Chinese polysilicon producer and PV cell maker Tongwei Solar will acquire a 30% share of Longi Green Energy Technology’s 15 GW monocrystalline wafer factory in northwestern China’s Ningxia region, while giving up an equal stake in its own crystalline silicon factory in Inner Mongolia, according to the group’s chairman.
In a dialogue co-moderated by pv magazine ahead of SNEC 2019 in Shanghai, Liu Hanyuan — chairman of the Tongwei Group — revealed that it has signed the cooperative arrangement with Longi, to strategically support each other’s supply chains. He did not reveal any additional terms for the deal, which follows a polysilicon supply deal between the two last year.
Tongwei, which can produce 50,000 tons of high-purity crystalline silicon at its facility in northern China’s Inner Mongolia region, has also agreed to purchase at least 75% of Longi’s wafer output, with the wafer giant promising to do the same in return for the Hefei-based group’s polysilicon business.
As the largest mono player in the global market, Longi’s monocrystalline wafer capacity reached 28 GW by the end of 2018. It aims to expand production to 36 GW within the next year. Tongwei, meanwhile, was producing 80,000 tons of polysilicon and 12 GW of solar cells per year by the end of last December.

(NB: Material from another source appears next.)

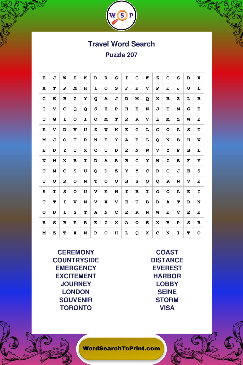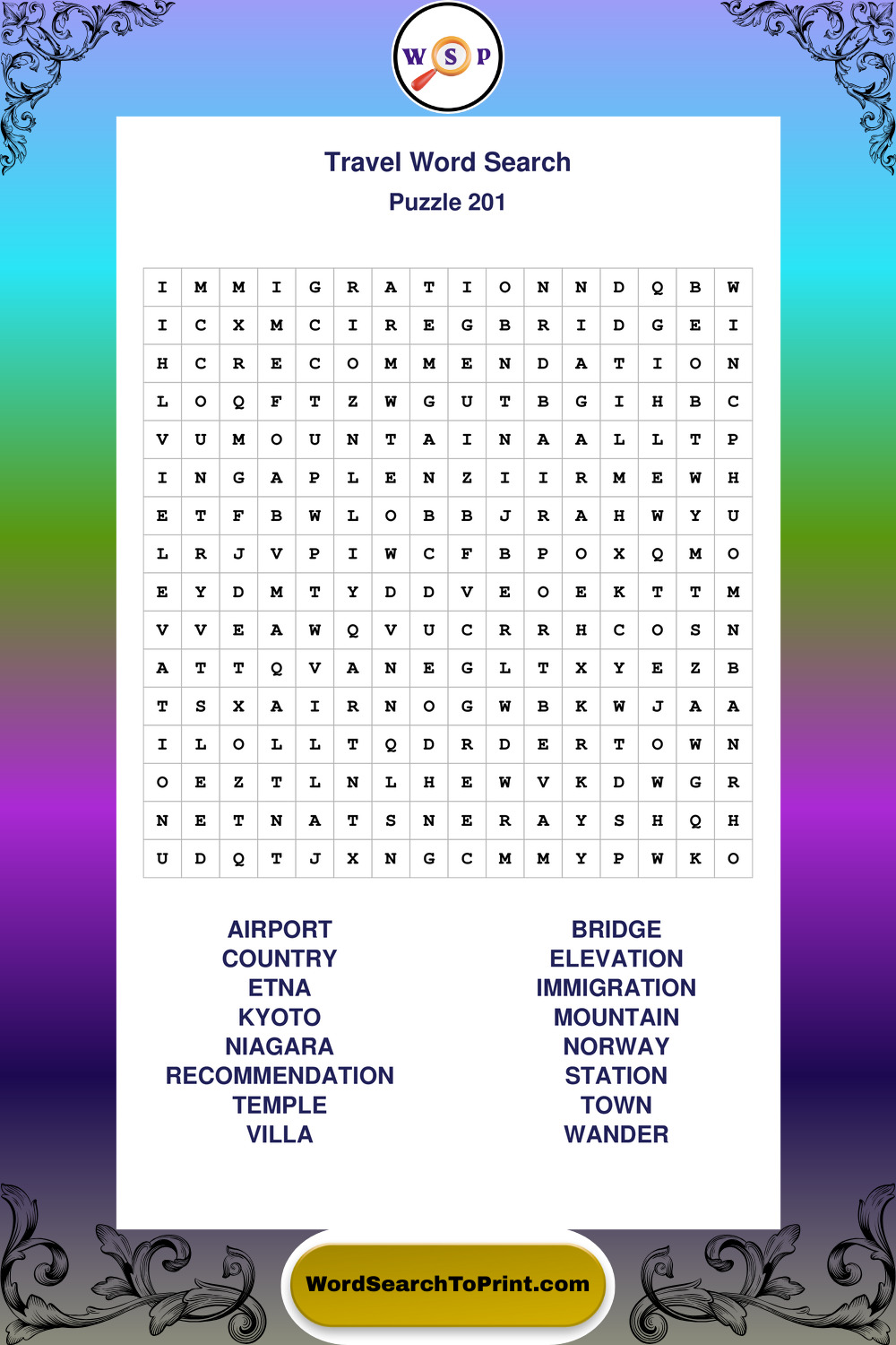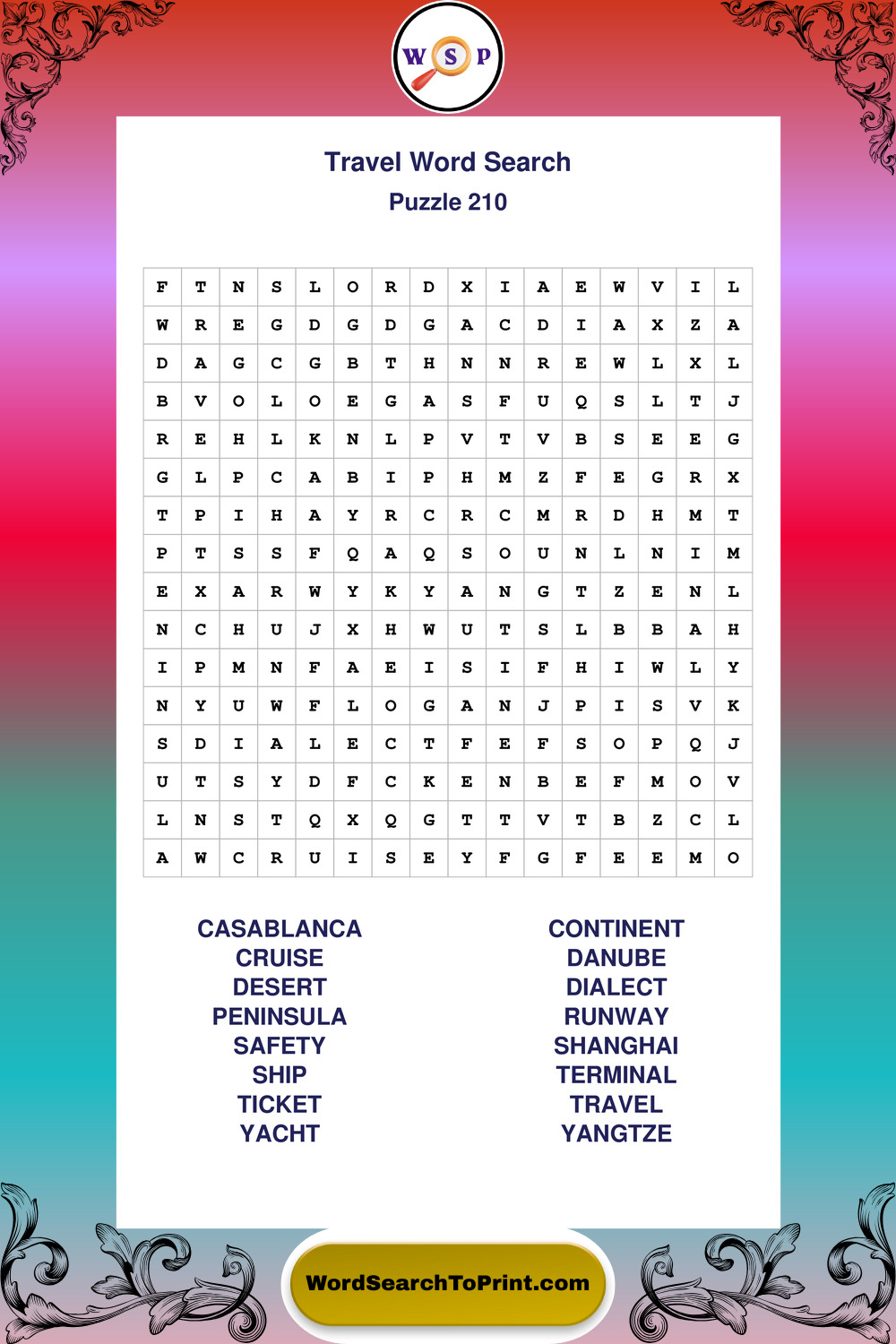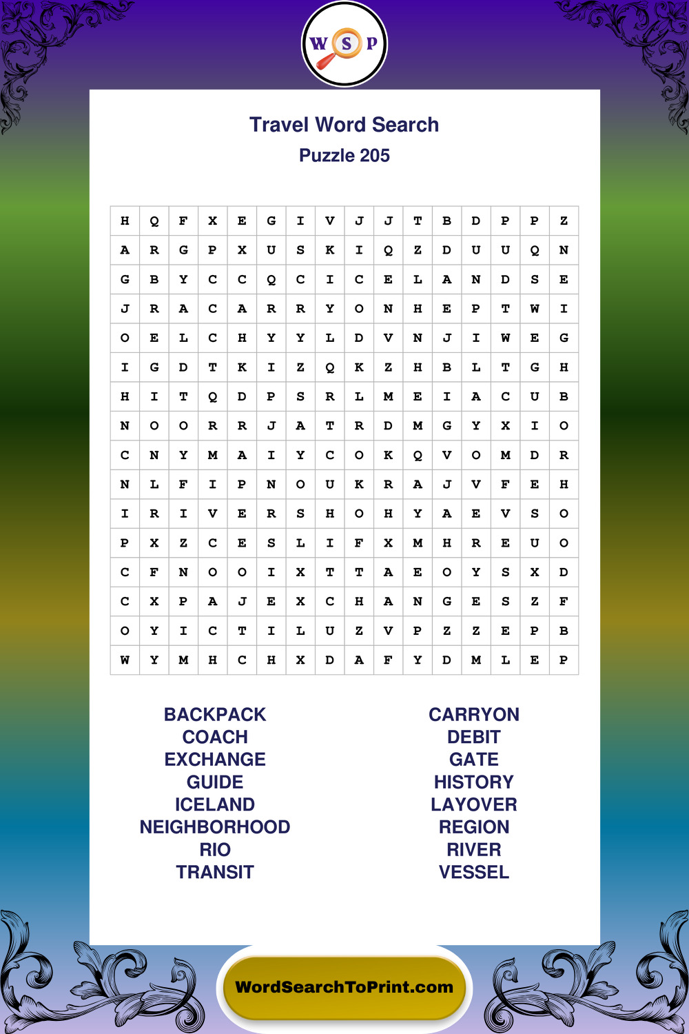 Enjoy these free large print Travel wordsearches designed for easy reading and relaxed puzzle solving. Perfect for teens, adults, and seniors.

In May 2018, Longi — which is based in Xi’an, Shaanxi province — agreed to buy 55,000 metric tons of polysilicon from Tongwei through the end of 2020. Their latest tie-up underscores the efforts made by the two companies to stabilize their respective supply chains. Last summer, Tongwei appeared undaunted by changes to China’s solar PV policy, as it announced plans to increase it PV cell manufacturing capacity from 6 GW to 12 GW by the end of 2018, and to 20 GW by the end of 2019.
More recently, in October 2018, Tongwei’s R&D manager, Andy Chin, told pv magazine that the company remained committed to the development of bifacial and passive emitter rear contact technology, in addition to its growing focus on a range of more efficient alternatives, including heterojunction and tunnel oxide passivated contact (TOPcon) technologies. Chin also said that Tongwei planned to expand its cell and module production capacity to 30 GW by 2020, as part of a $1.8 billion investment plan it first revealed in late 2017.